Title: Continuing Increases in Autism Reported
to California’s Developmental Services System
Authors: Robert Schechter, MD, MSc; Judith K. Grether, PhD
Source: Arch Gen Psychiatry. 2008;65(1):19-24

While we wait for the release of the new Academy of Pediatrics study on Thimerosal (see last blog entry), I thought this recent article from the Archives of General Psychiatry was worth reviewing, especially given the current controversy regarding ABC “Eli Stone” episode. This study was simple and elegant. It follows a straightforward logic. If the use of Thimerosal in vaccines has a causal role in the development of autism, the elimination of Thimerosal in vaccines should result in a drop in the rates of autism, or at the very least, a pause in the accelerated increase of these rates. To test this hypothesis the authors reviewed the rates of autism in the State of California from 1995 to 2007. The found a consistent increase in rates during these 11 years without any indication of a slowdown or a drop in autism rates. One particular finding is worth mentioning. The rates of autism in 3 to 5 year old kids increased from 3 to 4.1 per 1000 live births from 2004 to 2007, which represented a higher increase than those observed for all other developmental disabilities. This is of major importance because during this same period all but trace amounts of Thimerosal had been eliminated from vaccines in the State of California. If the link between Thimerosal and autism were “causal” and strong, the rates of autism during the 2004-2007 year should have dropped. Instead these rates increased. Now, although strong, this is far from conclusive evidence, since people could argue that rates continued to increase because of vaccinated babies moving to California or that such trace amounts of Thimerosal were enough to continue the increase in autism. But this last hypothesis will likely be answered by the Pediatrics article due to come out next week.

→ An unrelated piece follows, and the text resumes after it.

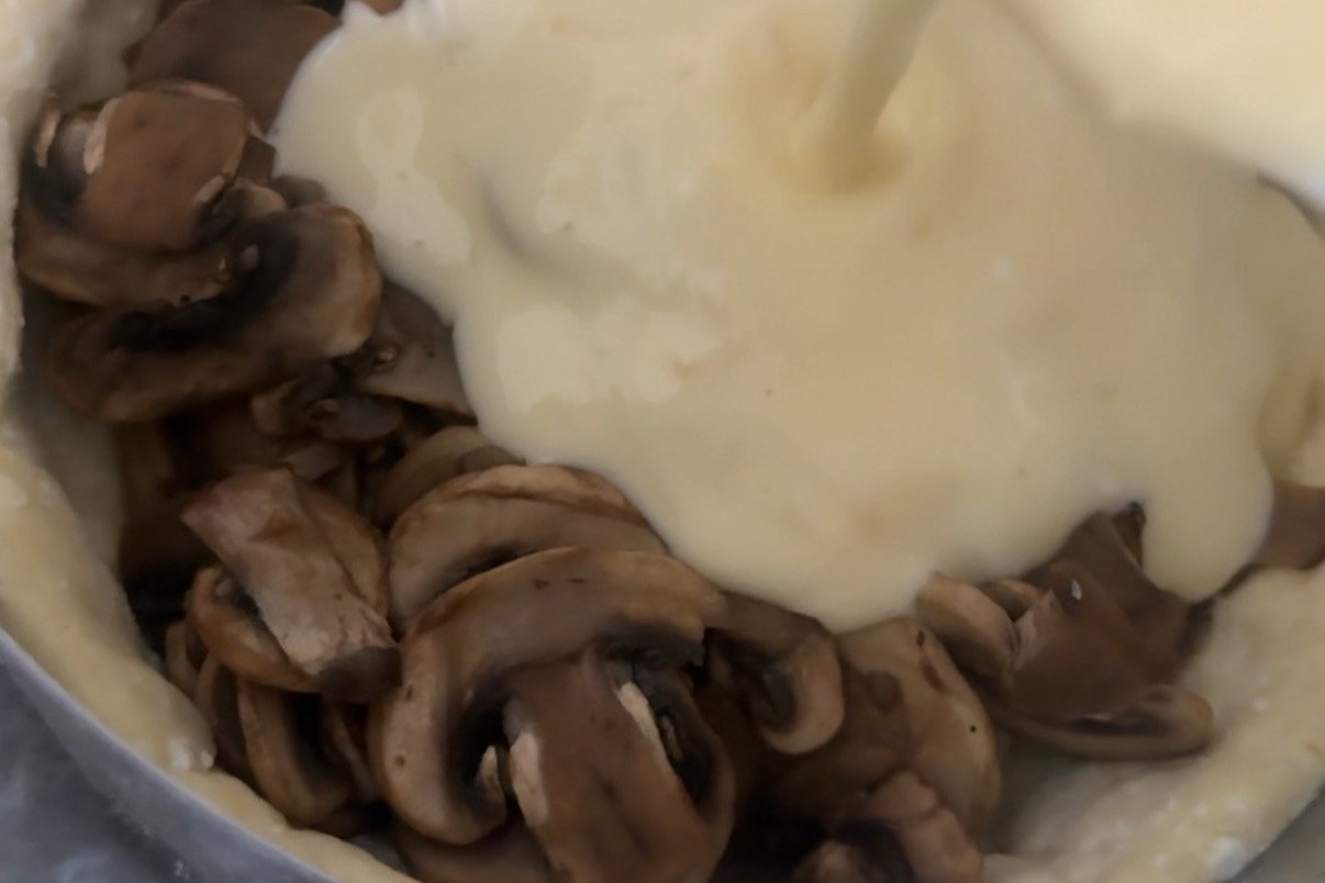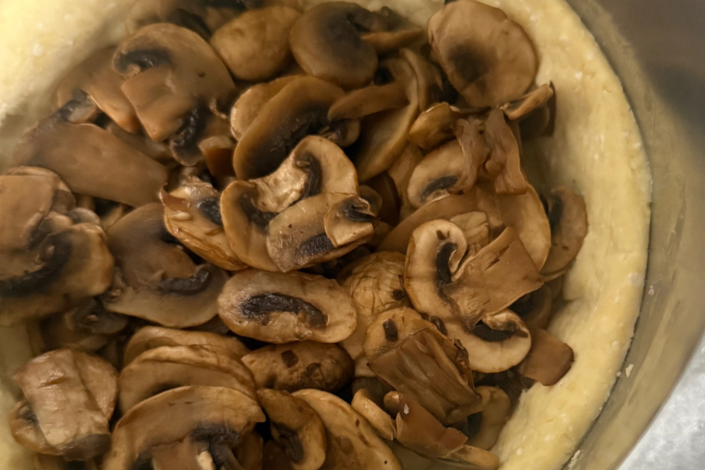 Авторка рецепта кіша з грибами обсмажує печериці на воді до м’якості. Жирність корисного грецького йогурту — твій вибір. Ти також можеш збагатити начинку та зробити сирний кіш з грибами.
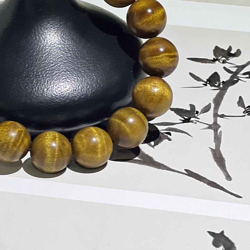 1.5 cm genuine golden nanmu wood bracelet with water ripple pattern.

UPDATE: I found an interesting post at Autism in New Brunswick about a University of Kentucky professor’s (Dr. Boyd Haley) skepticism of this research based on the idea that mercury exposure continued after thimerosal was supposedly removed from vaccines in California (see the press story here). The difficulty with Dr. Haley’s argument is that I can’t find any reliable data showing that the levels of mercury in vaccines continued to be higher than trace amounts after Thimerosal was taken out of vaccines. At least I can’t find any published studies in scientific journals of such effect. It is difficult to believe that after Thimerosal was removed there was not a reduction in mercury exposure. Arguing that mercury exposure remained stable implies that either Thimerosal was not actually removed, that the new non-Thimerosal vaccines were so delayed to reach Drs offices as to not affect the overall mercury exposure, or that somehow these children continued to be exposed to mercury through a difference source. Otherwise, the most rational conclusion is to assume that mercury exposure was significantly reduced after Thimerosal was pulled from the market and therefore a parallel reduction in new cases with autism is expected. Sadly this didn’t happen.